## Your goal
Leaving the images behind, copy every line of the records exactly.

== Segment start ==

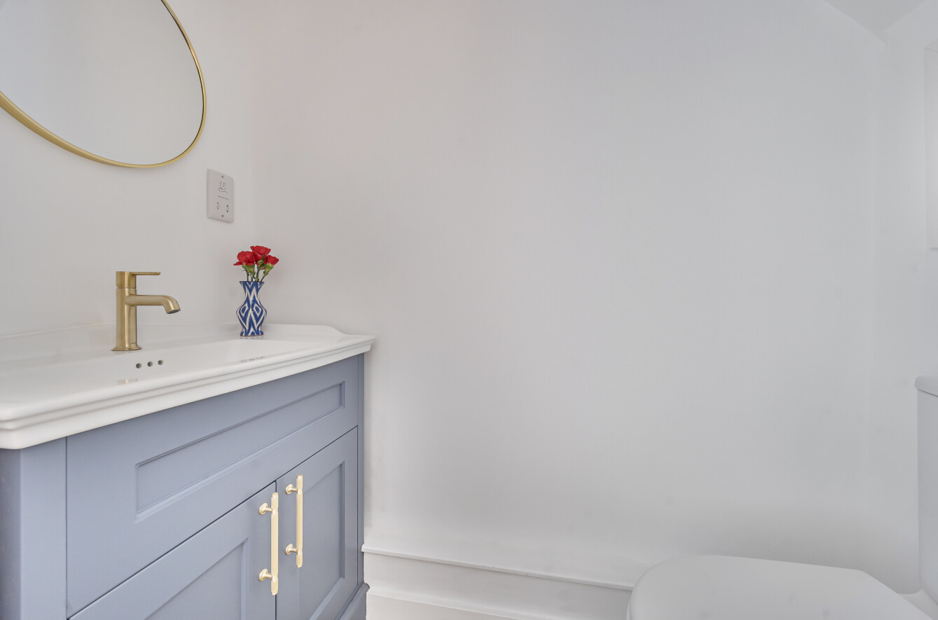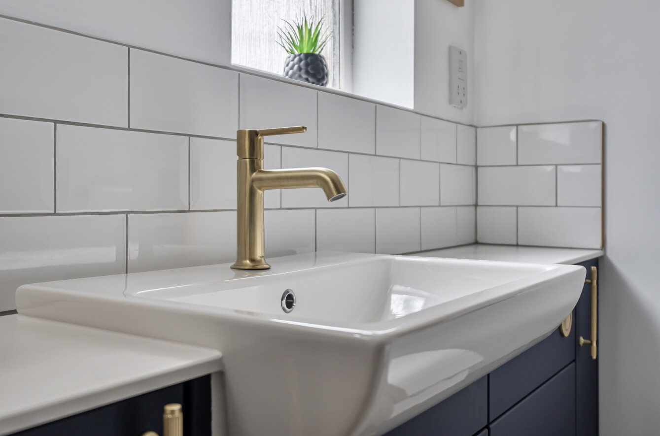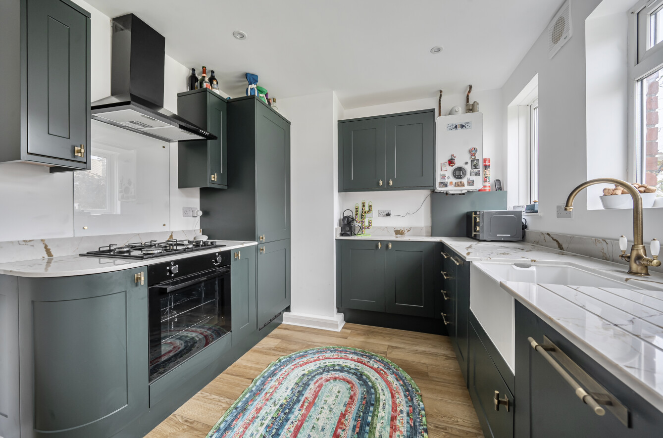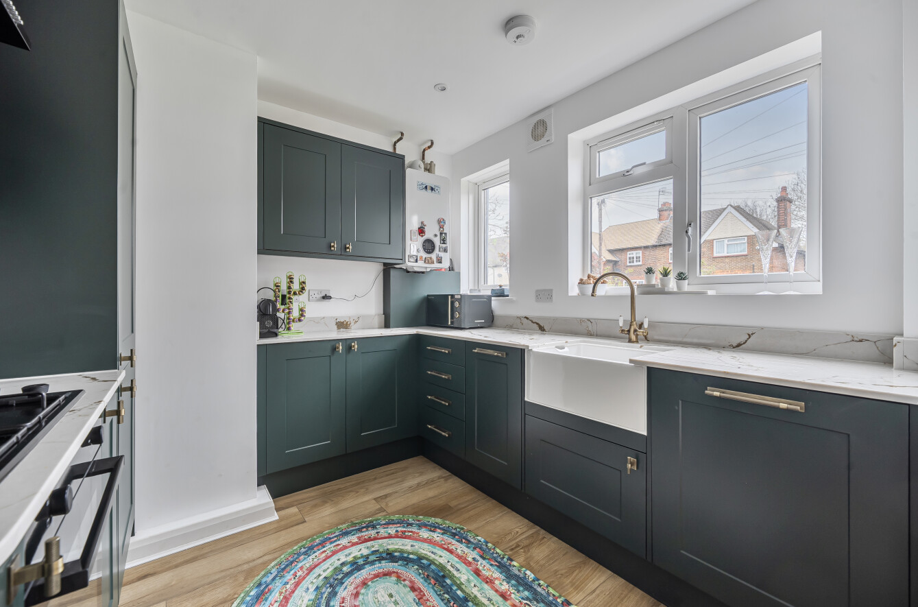The accommodation comprises entrance hall leading through to a bright and spacious dual aspect sitting/dining room. The modern contemporary emerald green kitchen with contrasting white quartz work surface and feature butler sink, while the ground floor also features a stylish family bathroom complete with a freestanding bath and separate shower cubicle. Inner hall leads to a useful outbuilding currently arranged as a utility room, offering additional practical space.
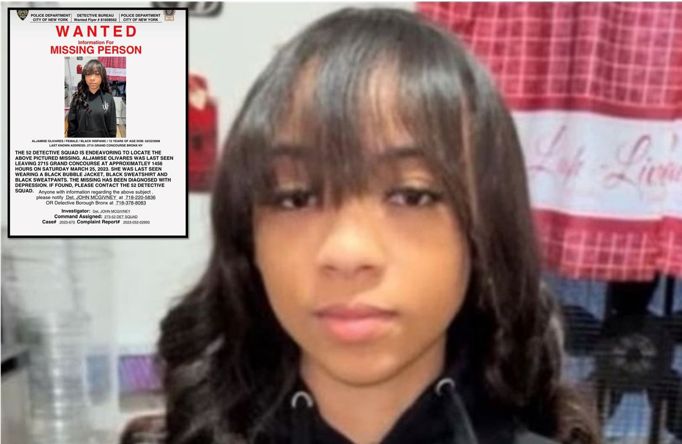 NUEVA YORK._ Los familiares y policías del cuartel 52 en El Bronx mantienen una intensa y desesperada búsqueda de la estudiante adolescente de origen dominicano Aljamise Olivares de 15 años de edad, desaparecida desde el sábado 25 de marzo en las inmediaciones de la avenida Grand Concourse en ese condado.
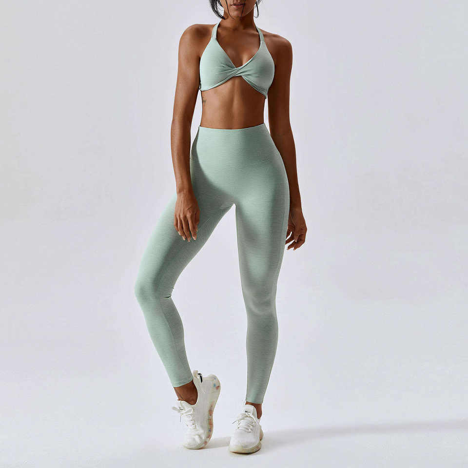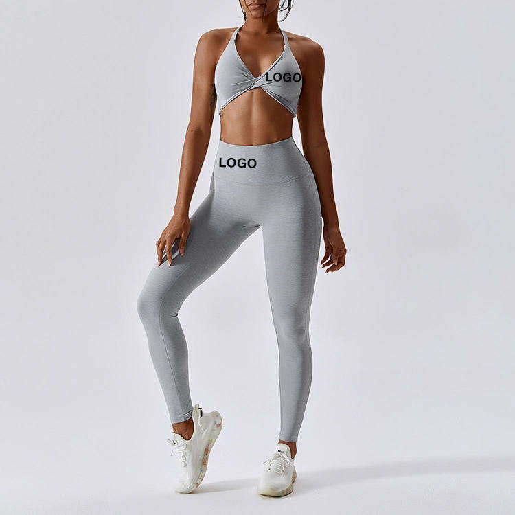 Ensemble de yoga personnalisé, directement de l'usine, en tissu solide, anti-humidité, pour le fitness, avec taille en V et longueur intégrale
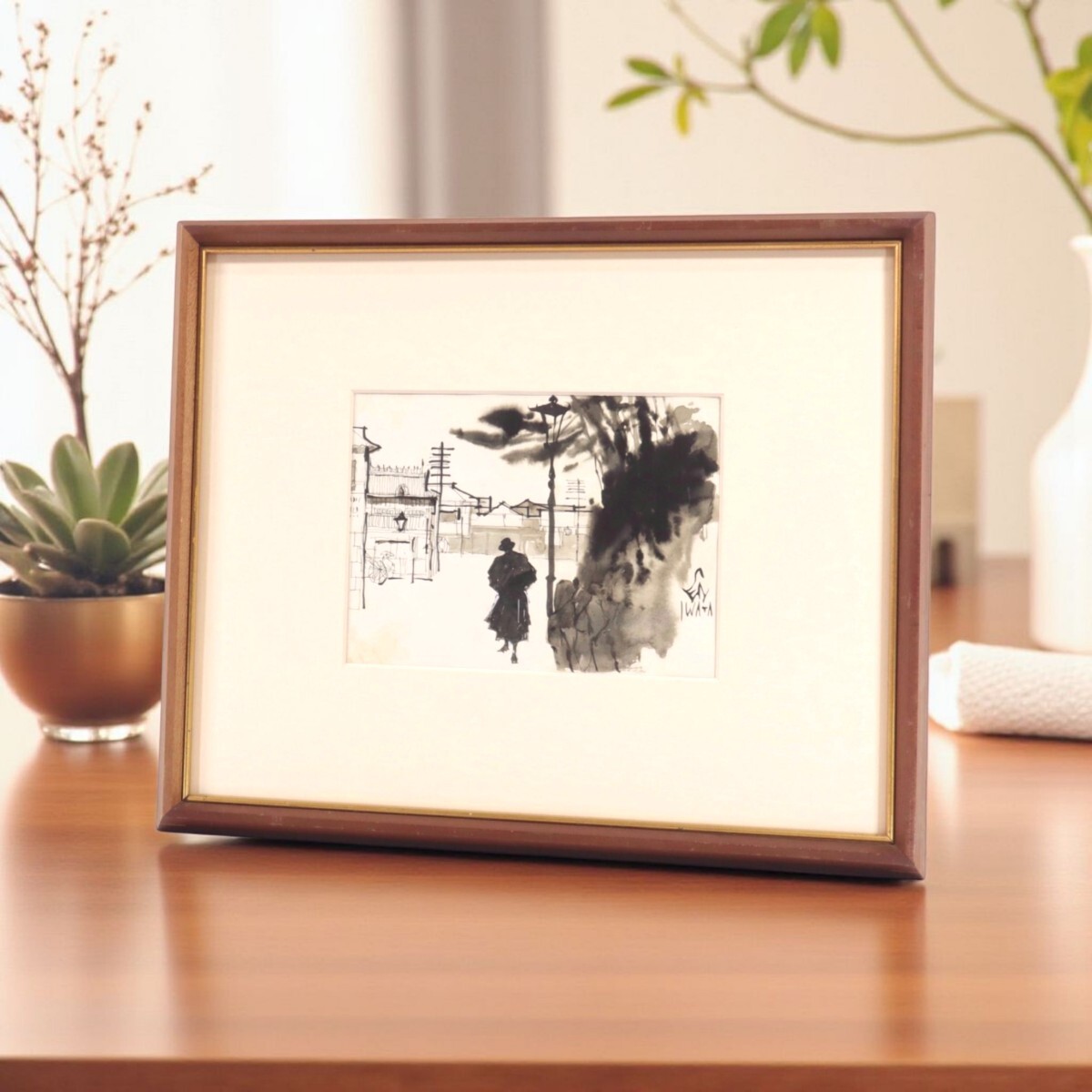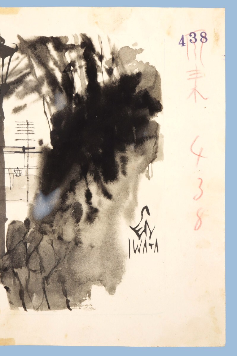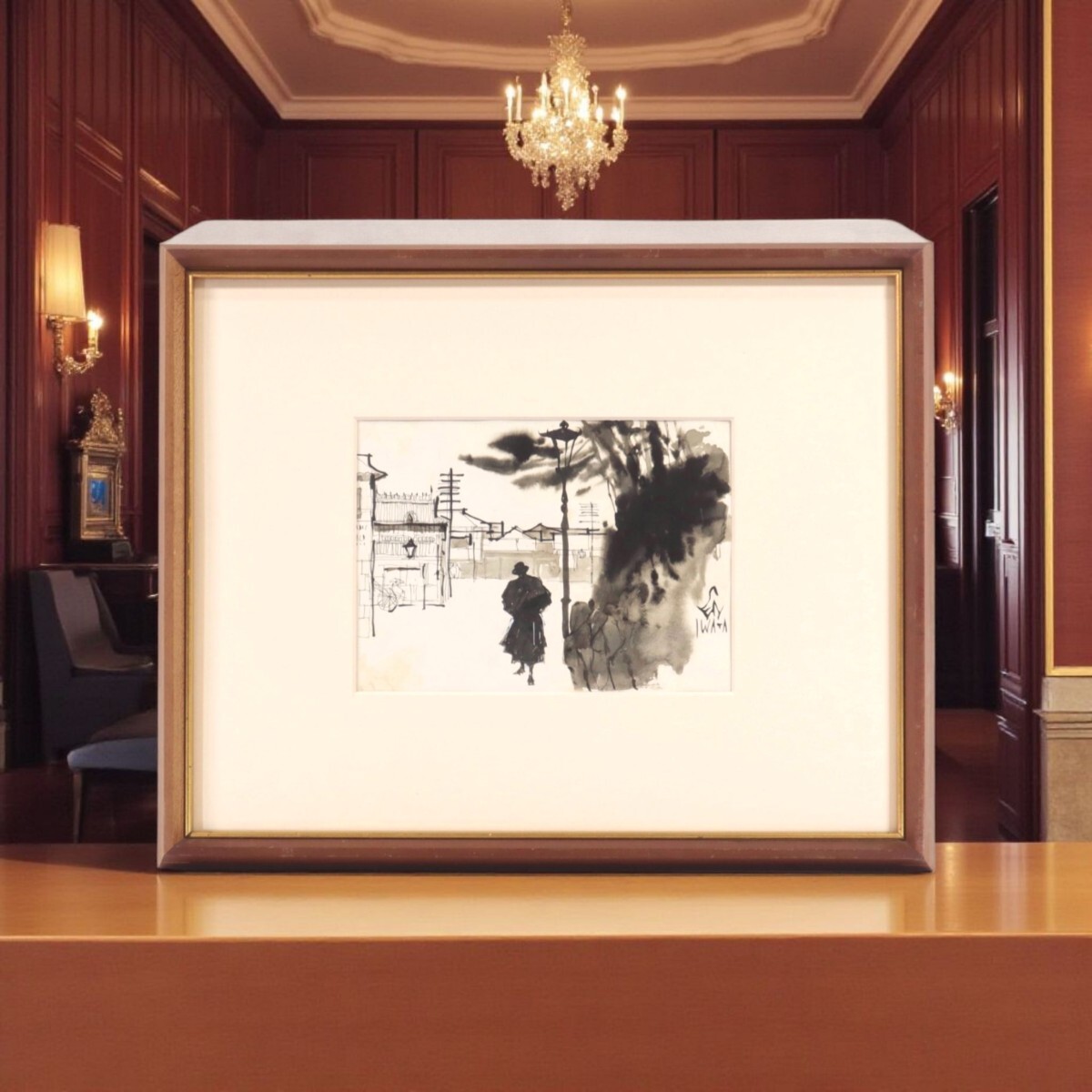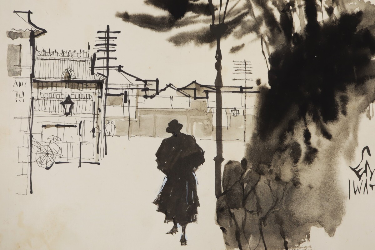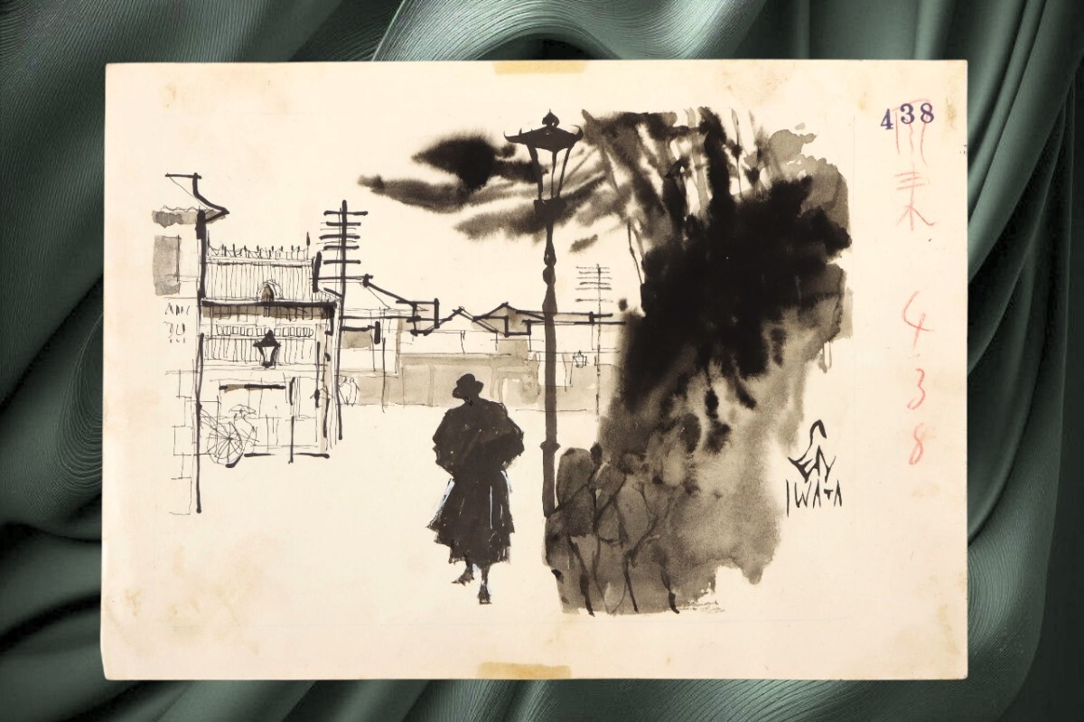 真作 岩田専太郎 水墨「風来物語より 438」窓寸 21.5×16cm 富田常雄の小説の挿絵原画 男気とサスペンス、そしていくつかの恋愛模様 11578
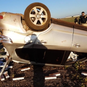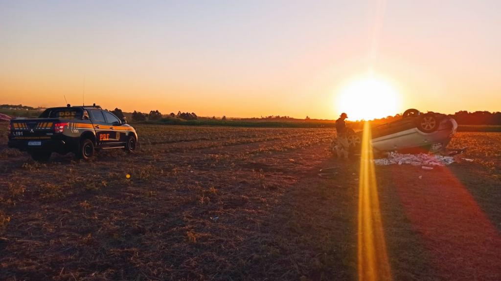 Em certo momento, já na BR 163, sentido Guaíra, o condutor acessou uma área de lavoura às margens da rodovia, perdendo o controle do veículo e capotando diversas vezes.
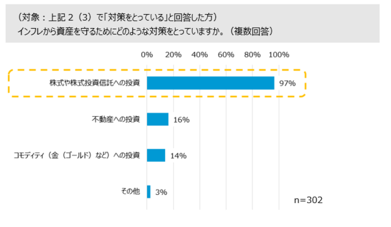✓ インフレから資産を守る対策をとっている方のうち、対策として最も多いのが「株式や株式投資信託への投資」(97%)。ほぼ全ての回答者が該当。

== Segment end ==

## Task answer
The accommodation comprises entrance hall leading through to a bright and spacious dual aspect sitting/dining room. The modern contemporary emerald green kitchen with contrasting white quartz work surface and feature butler sink, while the ground floor also features a stylish family bathroom complete with a freestanding bath and separate shower cubicle. Inner hall leads to a useful outbuilding currently arranged as a utility room, offering additional practical space.
 NUEVA YORK._ Los familiares y policías del cuartel 52 en El Bronx mantienen una intensa y desesperada búsqueda de la estudiante adolescente de origen dominicano Aljamise Olivares de 15 años de edad, desaparecida desde el sábado 25 de marzo en las inmediaciones de la avenida Grand Concourse en ese condado.
 Ensemble de yoga personnalisé, directement de l'usine, en tissu solide, anti-humidité, pour le fitness, avec taille en V et longueur intégrale
 真作 岩田専太郎 水墨「風来物語より 438」窓寸 21.5×16cm 富田常雄の小説の挿絵原画 男気とサスペンス、そしていくつかの恋愛模様 11578
 Em certo momento, já na BR 163, sentido Guaíra, o condutor acessou uma área de lavoura às margens da rodovia, perdendo o controle do veículo e capotando diversas vezes.
✓ インフレから資産を守る対策をとっている方のうち、対策として最も多いのが「株式や株式投資信託への投資」(97%)。ほぼ全ての回答者が該当。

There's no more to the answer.